I did this analysis last with bare-bones method in CTN:2439. Now I've improved this much more. Following are some salient features:

  • Assuming Uniform prior distribution of Bulk Loss Angle since the overlap with Penn et al. is so low that our measurement is inconsistent with theirs ((5.33 +- 0.03) x 10-4 )if we take into account their extremely low standard deviation associated to bulk loss angle.
  • Assuming Normal Distributed prior distribution for Shear Loss Angle matching Penn et al. reported value of (2.6 +- 2.6) x 10-7. This is done because we can faithfully infere only one of the two loss angles.
  • The likelihood function is estimated in the following manner:
    • Data cleaning:
      • Frequency points are identified between 50 Hz to 700 Hz where the derivative of Beat Note Frequency noise PSD with respect to frequency is less than 2.5 x 10-5 Hz2/Hz2..
      • This was just found empirically. This retains all low points in the data away from the noise peaks.
    • Measured noise Gaussian:
      • At each "clean" frequency point, a gaussian distribution of measured beat note frequency noise ASD is assumed.
      • This gaussian is assumed to have a mean of the corresponding measured 'median' value.
      • The standard deviation is equal to half of the difference between 15.865 percentile and 84.135 percentile points. These points correspond to mean +- standard deviation for a normal distribution
    • Estimated Gaussian and overlap:
      • For an iterable value of Bulk and Shear Loss Angle, total noise is estimated with estimated uncertainty. This gives a gaussian for the estimated noise.
      • The overlap of two Gaussians is calculated as the overlap area. This area which is 0 for no overlap and 1 for complete overlap is taken as the likelihood function.
      • However, any estimate of noise that goes above the measured nosie is given a likelihood of zero. Hence the likelihood function in the end looks like half gaussian.
      • The likelihood for different clean data points is multiplied together to get the final likelihood value.
  • The Product of prior distribution and likelihood function is taken as the Bayesian Inferred Probability (unnormalized).
  • The maximum of this distribution is taken as the most likely inferred values of the loss angles.
  • The standard deviation for the loss angles is calculated from the half-maximum points of this distribution.

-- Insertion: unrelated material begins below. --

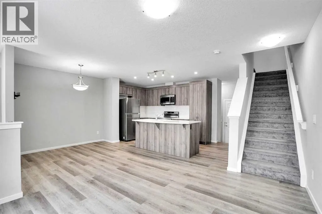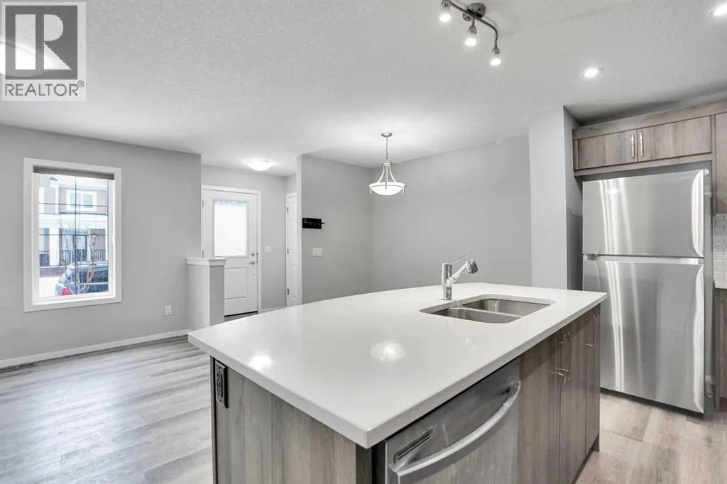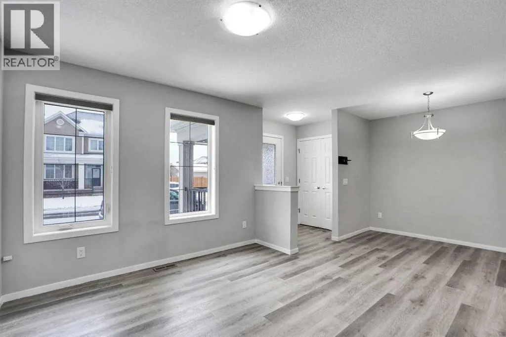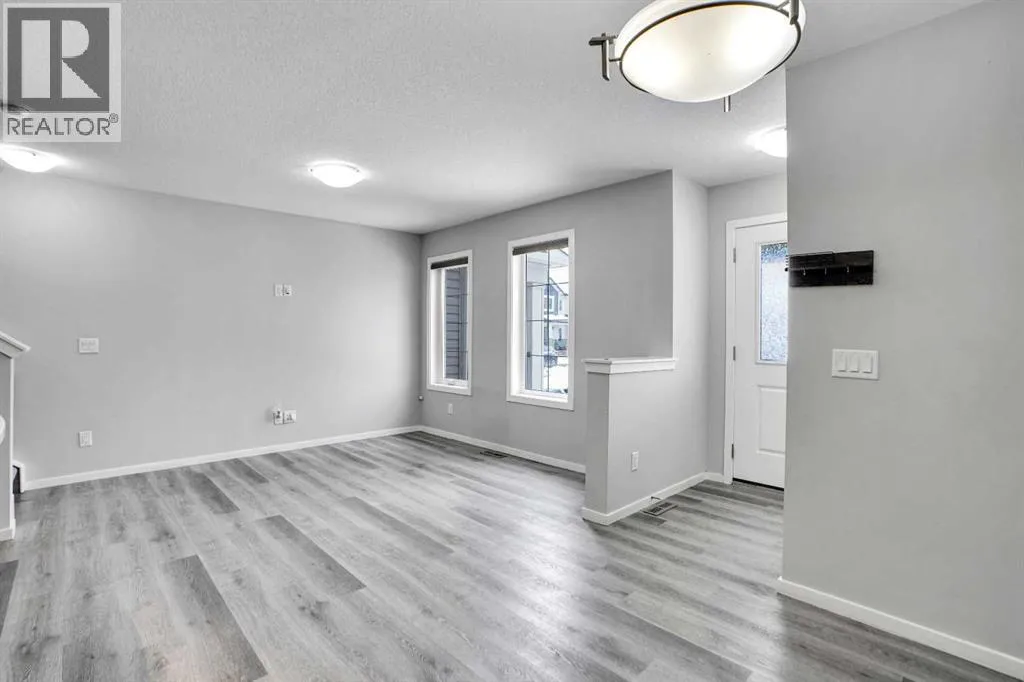 Welcome to this beautiful no-condo-fee townhouse, ideally located within walking distance to playgrounds, shopping, and more in the amenity-rich community of Cityscape. Featuring a double attached garage and no condo fees, this home offers both value and convenience. The bright and spacious main floor showcases a large living area with expansive windows, a separate dining space, and a well-appointed kitchen complete with an island. Youâll also find a 2-piece bathroom and a mudroom with direct access to the rear-attached garage. Upstairs, the home offers three generously sized bedrooms, two full bathrooms, a convenient laundry area, and a large balcony. The primary suite features a walk-in closet and a 4-piece ensuite. The unfinished basement provides endless potential for your future development ideas. Enjoy the convenience of nearby grocery stores, gas stations, pizza shops, and the vibrant shopping district. This home offers not just comfort, but a lifestyle in a warm and welcoming community. Some pictures are virtually stages. Donât miss outâthis one wonât last long! Book your private showing today. (id:27476)

Final results are calculated for data taken at 3 am on March 11th, 2020 as it was found to be the least noise measurement so far:

Bulk Loss Angle: (8.8 +- 0.5) x 10-4.

Shear Loss Angle: (2.6 +- 2.85) x 10 -7.

Figures of the analysis are attached. I would like to know if I am doing something wrong in this analysis or if people have any suggestions to improve it.

The measurement instance used was taken with HEP filter on but at low. I expect to measure even lower noise with the filters completely off and optimizing the ISS as soon as I can go back to lab.


Other methods tried:

Mentioning these for the sake of completeness.

  • Tried using a prior distribution for Bulk Loss Angle as a gaussian from Penn et al. measured value. The likelihood function just became zero everywhere. So our measurements are not consistent at all. This is also because the error bars in their reported Bulk Loss Angle are extremely
  • Technically, the correct method for likelihood estimation would be following:
    • Using the mean (\mu) and standard deviation (\sigma) of estimated total noise, the mean of the measured noise would be a gaussian distribution with mean \mu and variance \sigma^2/N where N is the number of averaging in PSD calculation (600 in our case).
    • If standard deviation of the measured noise is \sigma_m, then (N-1)\sigma_m^2/\sigma^2would be a \chi^2_{(N-1)} distribution with N-1 degrees of freedom.
    • These functions can be used to get the probability of observed mean and standard deviation in the measured noise with a prior distribution of the total estimated noise distribution.
    • I tried using this method for likelihood estimation and while it works for a single frequency point, it gives zero likelihood for multiple frequency points.
    • This indicated that the shape of the measured noise doesn't match well enough with the estimated noise to use this method. Hence, I went to the overlap method instead.

Analysis Code

  2570   Mon May 11 17:34:33 2020 anchalNotesDocumentationDAMOP Poster from CTN Lab

I will be presenting a poster on the latest results from CTN Lab in the upcoming virtual DAMOP 2020 conference. The following link is poster as of now:

CTN_DAMOP2020_Poster.pdf

Comments/suggestions/mockery is most welcome.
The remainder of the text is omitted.